Quando se fala de Literatura oral, à partida, como o nota Manuel Viegas Guerreiro na obra ”Para uma História da Literatura Popular Portuguesa"1, existe uma contradição porque a Literatura é associada à escrita, já que etimologicamente a palavra Literatura refere-se à escrita, às letras, no sentido estrito do termo, portanto ao carácter do que é escrito.

Sem nos subtrairmos a esse paradoxo poderemos, no entanto, optar pelo termo “tradicional”, mais neutro, remetendo assim para o caráter ancestral da produção literária, evidenciando a sua transmissão. Contudo, deparamo-nos com outro problema, tal como o observa Manuel Viegas Guerreiro: o adjetivo “tradicional” exclui toda a produção recente em detrimento de uma já enraizada.

Deste modo, ainda segundo o referido autor, “popular” parece ser a escolha mais adequada, na medida em que neutraliza os elementos da dicotomia escrita/oralidade, assim como a que se prende com a época de criação do texto. Por outro lado, para resolver a referida questão, João-David Pinto Correia, recorda a existência do termo “oratura”2 e socorre-se do “texto”, igualmente impermeável à dicotomia escrita/oralidade.

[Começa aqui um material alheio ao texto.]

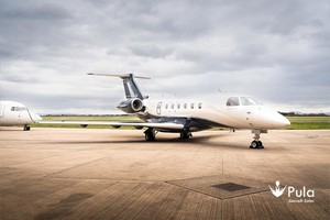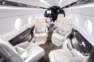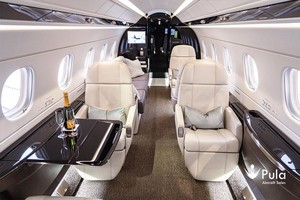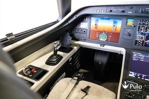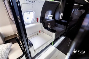 | (Original Interior by Embraer) Luxurious 10 (9 1 belted lav) 6 seats featuring a 4-place club seat configuration with two foldout side ledge tables in the forward cabin, followed by a right mounted, 3-person berthable divan opposite two club seats in the aft cabin. A well-equipped forward galley, aft lavatory with belted toilet and aft storage closet, as well as stone flooring in galley and lavatory, complete this well-equipped interior. |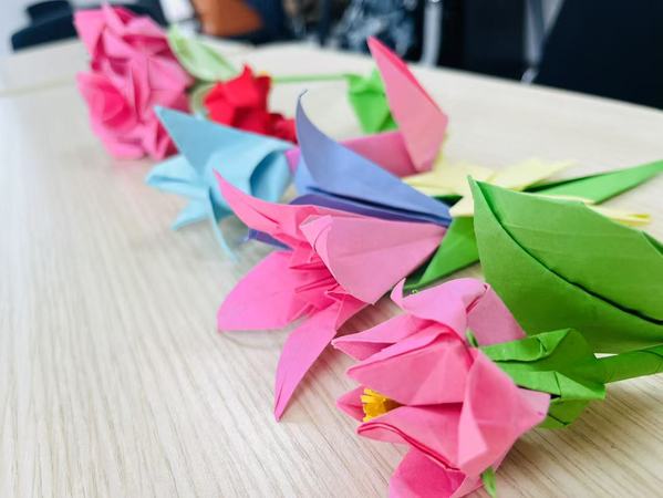 从古至今,中国女性便与花有着不解之缘。“花容月貌”“豆蔻年华”,花象征着女性的美好与温柔;而今天,“铿锵玫瑰”等词更是赞颂了女性的坚韧与顽强。“亲手做一枝花,献给最爱的人,也献给自己”。活动伊始,文艺思美发展中心主任乔继绢向参与员工介绍十二位花神及对应花卉所代表的品质,之后详细讲解了各种手作纸花的制作方法。活动中,所有同学齐心协力,从基础的折叠、卷曲,到复杂的造型设计,一步步掌握手工花制作技巧。“本次手作纸花活动让我体验到了手工操作的快乐,在向其他朋友介绍公司思美节时我也感到由衷的自豪。”2022级本科生黄金库说道。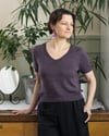 Tämä on kevyt kesäpaita, jossa on hennot pitsipaneelit olkapäillä ja lyhyissä hihoissa. Paita neulotaan ylhäältä alas käyttäen contiguous-rakennetta, joilla muotoillaan paidan yläosa alkaen olkapäiltä ja jatkaen kainaloihin. Kaikki neulotaan saumattomasti, vain muutama silmukka poimitaan kainalosta. Vartalomuotoiluja ei ole, mutta niitä voi helposti lisätä.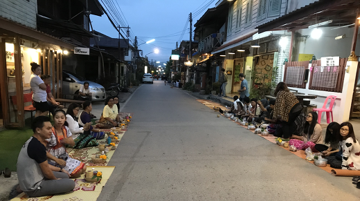 차이콩 거리에서 아침에 탁발오는 스님을 기다리는여행자들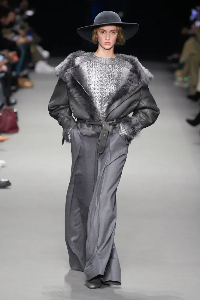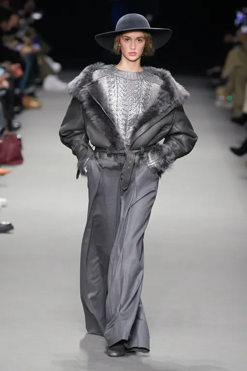 Любопытная находка коллекции — металлизированные ткани, которые в динамике выглядят, как расплавленный металл. Некоторые луки целиком состоят из них — и смотрится это весьма эффектно. Равно как и более яркие варианты, которых на показе тоже хватало. Найдутся здесь вещи и для любителей спокойствия: им понравятся луки во всех оттенках бежевого.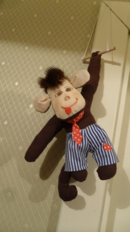 Девочки, Вам ещё не надоели мои обезьянки? Сшила вожака маленькой стаи обезьянок. Ткань трикотаж, чубчик - норка со старой шапки. Идея нашей форумчанки Ольги.
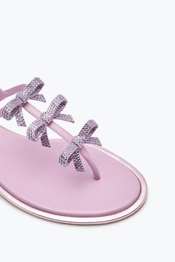The fresh and spring-like mauve nuance gives the Caterina thong sandal uniqueness and grace. The sparkle of the hand applied tone-on-tone crystals on the three small bows is enhanced by the metallic effect of the outer sole, making every step stand out.
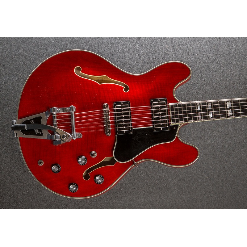 Transparent Red, Gloss finish, Semi-hollow laminated Flame Maple body with the center block, Multi-ply Ivoroid/Black binding, Bound 12 radius Ebony fingerboard with the pearl split block parallelogram inlays on a traditional even C shaped Maple neck, 24.75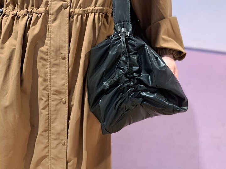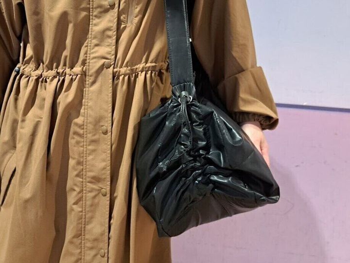 もちろん、そのままでも使い勝手はいいのですが、バッグのサイドには、シャーリング加工になっているので、ヒモで調節してみると、ボリュームあるふわふわな雰囲気のバッグにもでき、PUレザーが高級感を演出してくれるので、非常に高みえするコスパ最高のバッグです。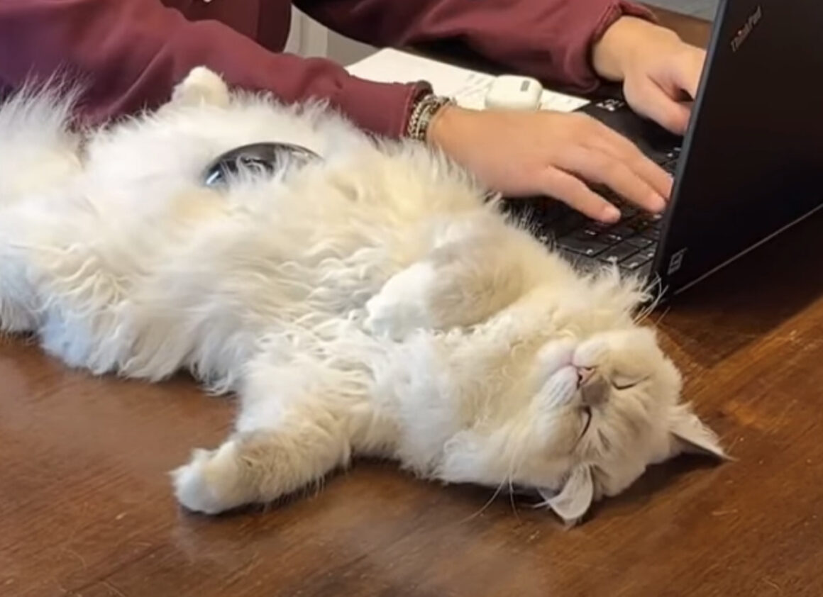 モフモフ猫さん、飼い主さんのデスクで寝てたらマウスパッドにされちゃった。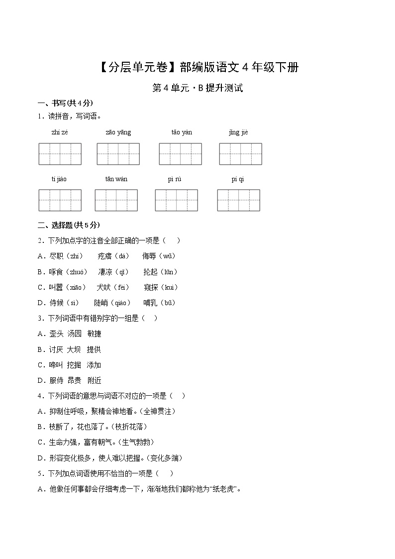 鸡娃题库推出部编版四年级语文下册第四单元B提升测试卷!免费提供下载,高清打印质量。🎓📚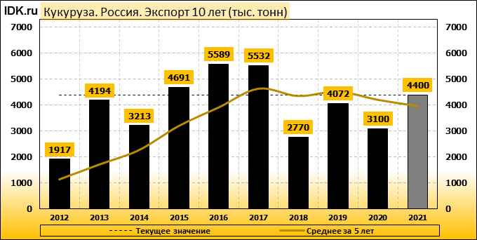 Экспорт: оценивается в 4400 тысяч тонн. За месяц показатель вырос на 7.32 процента.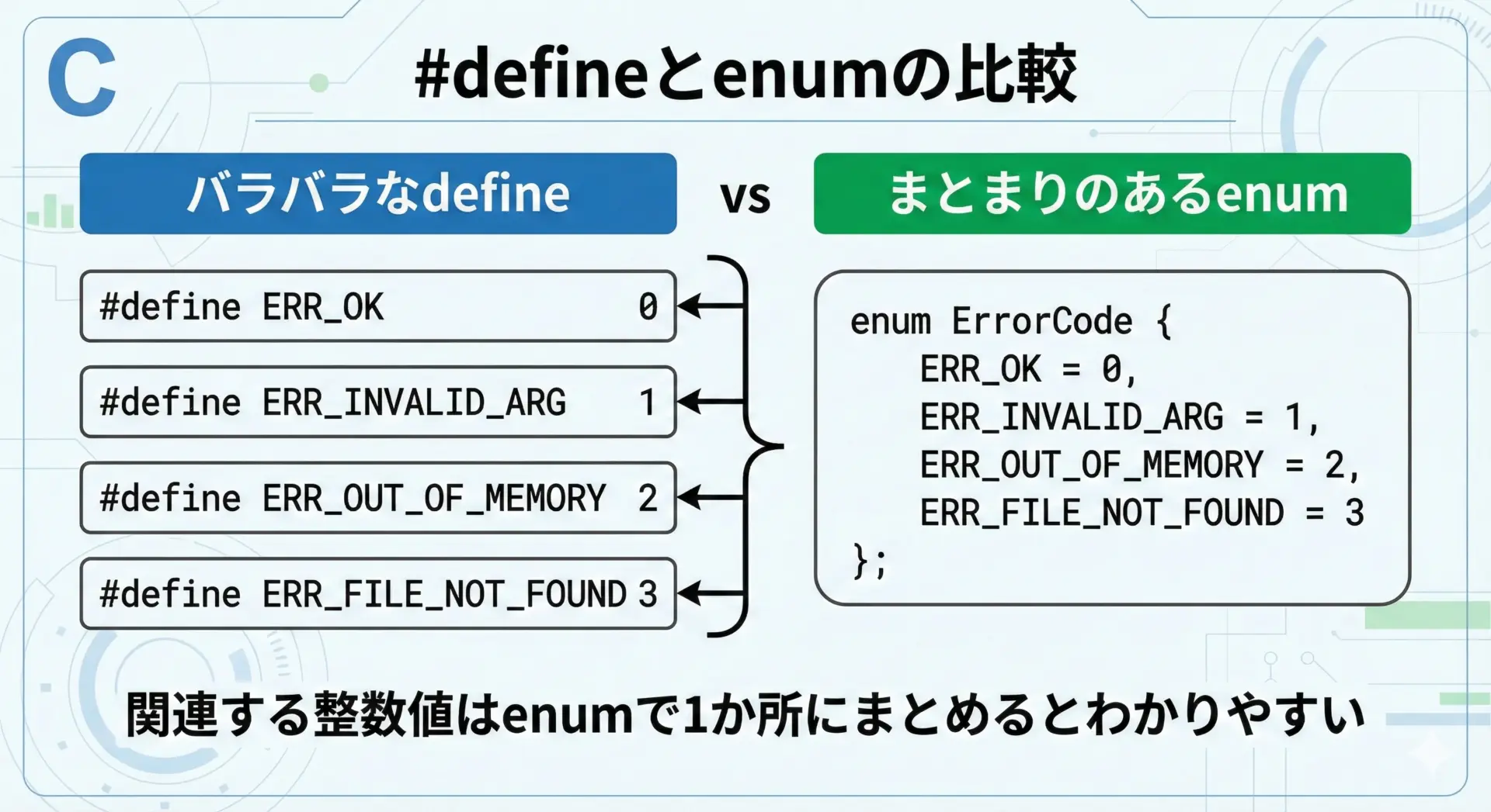 このように、「関連する整数の定数が複数ある場合」は、#defineよりもenumの方が構造化された表現になりやすいです。

No que respeita à Literatura popular, apesar de tudo, mantem-se a forte presença do fantasma da escrita veiculada pelo termo Literatura e, face à preponderância da escrita, Manuel Viegas Guerreiro pergunta-nos onde estão na palavra escrita “o timbre, a inflexão, as pausas, enfim o ritmo, a intensidade da interrogação ou da exclamação, o ímpeto do entusiasmo, os gestos, os movimentos, o intérprete, atuando, as pessoas ouvindo, o local, a hora, o porquê e para quê (…)”3, salientando assim a riqueza fenomenológica da oralidade, e acrescenta:

“Reduzida a escrito a peça literária, que nasceu para ser dita, assemelha-se de algum modo, a um cadáver que não se decompõe”4.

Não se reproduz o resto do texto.